In 1977, a Washington court struck down some item vetoes because they were "affirmative" and "creative" in their effect rather than "negative" and "destructive." Washington Ass'n of Apt. Ass'ns v. Evans, 564 P.2d 788 (Wash. 1977). A year later, a Wisconsin court upheld a governor's item veto of provisos or conditions "so long as the net result of the partial veto is a complete, entire, and workable bill which the legislature itself could have passed in the first instance." State ex rel. Kleczka v. Conta, 264 N.W.2d 539, 555 (Wis. 1978). A dissenting justice objected that efforts to determine the "affirmative," "positive" or "creative" effect on legislation "would be to involve this court in disingenuous semantic games. While these tests may be appealing in the abstract, they are unworkable in practice. . . . These tests are inescapably subjective." Id. at 557-58.

This dissenting opinion was later cited by a Washington court in 1984 when it announced that it was abandoning the affirmative/negative test. The court regarded the test as unworkable, subjective, and an intrusion by the judiciary into the legislative branch. In the future, said the court, the check for item vetoes would be legislative overrides. Washington Federation of State Emp. v. State, 682 P.2d 869, 874 (Wash. 1984). See also State Motorcycle Dealers Ass'n v. State, 763 P.2d 442, 446-47 (Wash. 1988).

Conditions and Provisos

One of the most complex legal issues in the states concerns the power of the governor to strike a condition from an appropriation item. Legislatures frequently use conditions or provisos to limit the use of funds. Through the exercise of an item veto, may governors convert a conditional appropriation to an unconditional appropriation? May governors strike the legislative language from a dollar amount or are those two elements to be considered a single item to be accepted or vetoed in whole? This issue has bedeviled state courts for nearly a century. Efforts to create reliable standards or "bright lines" for judging such disputes have not been successful.

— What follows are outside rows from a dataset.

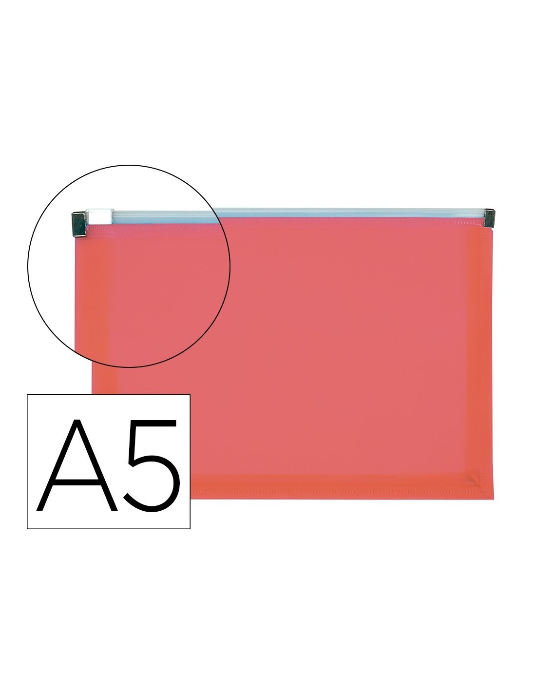 CARPETA DOSSIER LIDERPAPEL A5 CIERRE DE CREMALLERA ROJO TRANSLUCIDO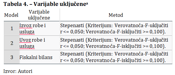 Tabela 4. prikazuje koje su sve varijable uključene u model korišćenjem stepenastog metoda koji se zasniva na tome da se nezavisne varijable uključuju u model jedna po jedna. Ovde se utvrđuje značajnost korelacije svake nezavisne varijable sa zavisnom kroz njihovu značajnost na nivou od 5%.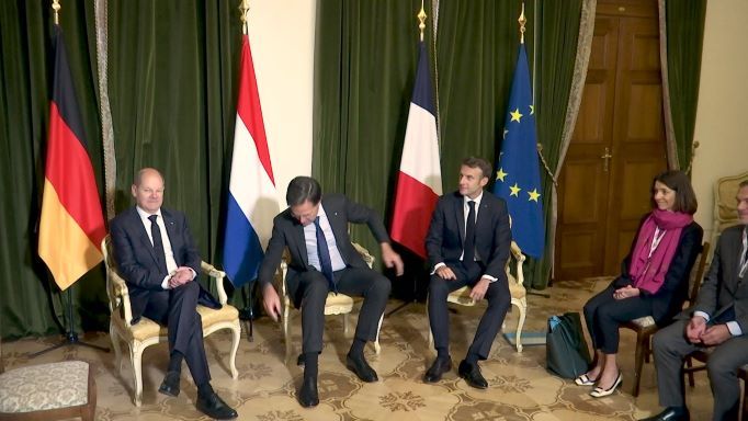 Dans une démonstration d'unité, le président français Emmanuel Macron et le chancelier allemand Olaf Scholz sont arrivés côte à côte au château de la capitale tchèque, flanqués du chef du gouvernement néerlandais Mark Rutte. Mais l'image ne suffira pas à masquer les tensions apparues récemment entre Paris et Berlin sur les questions énergétiques. Le président français Emmanuel Macron a indiqué jeudi soir qu'il pourrait annoncer de nouvelles livraisons d'armes, en particulier de canons Caesar.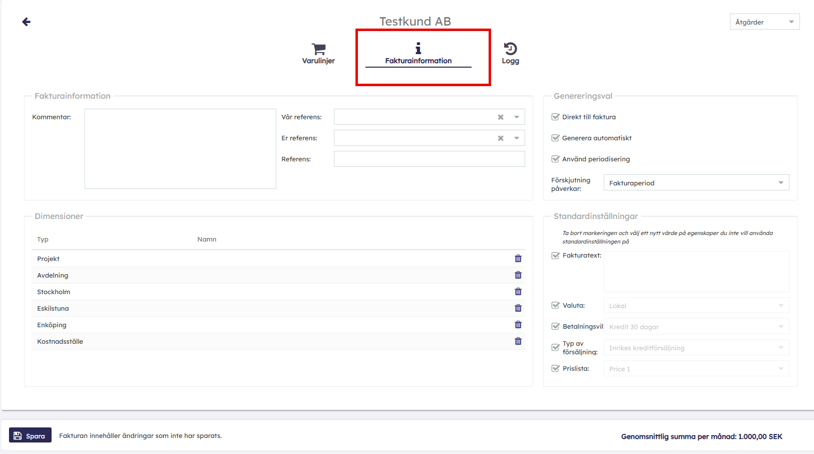 Här kan du ange referenser och kopplingar till dimensioner. Här kan du också göra ändringar i fakturan som då dominerar över dina standardinställningar för fakturor.

The Line Item Veto Act attempts to prevent this issue from arising in federal budgeting. The term "dollar amount of discretionary budget authority" does not include "any restriction, condition, or limitation in an appropriation law or the accompanying statement of managers or committee reports on the expenditure of budget authority for an account, program, project, or activity, or on activities involving such expenditure." 110 Stat. 1208-09, § 1026(7)(B)(iv). The conference report explains that the President may cancel "in whole any dollar amount specified in an appropriation law." H. Rept. No. 104-491, 104th Cong., 2d Sess. 30 (1996). Thus, the authority is aimed at dollars, not legislative language. The exclusion of restrictions, conditions, or limitations is included "to make clear that the President may not use the authority delegated in section 1021(a) to cancel anything other than a specific dollar amount of budget authority." H. Rept. No. 104-491, at 31.

However, what would happen if Congress, in a condition or proviso, identified funds to be spent? Would that be a condition or an appropriation? Florida amended its constitution in an effort to take care of the problem of governors vetoing conditions: "The governor may veto any specific appropriation in a general appropriation bill, but may not veto any qualification or restriction without also vetoing the appropriation to which it relates." Fla. Const., art. III, § 8(b). Nevertheless, Florida courts have expressed concern that provisos can undermine the governor's item-veto authority by hiding an actual appropriation "inside a mass of proviso language." House of Representatives v. Martinez, 555 So.2d 839 (Fla. 1990); Brown v. Firestone, 382 So.2d 654 (Fla. 1980).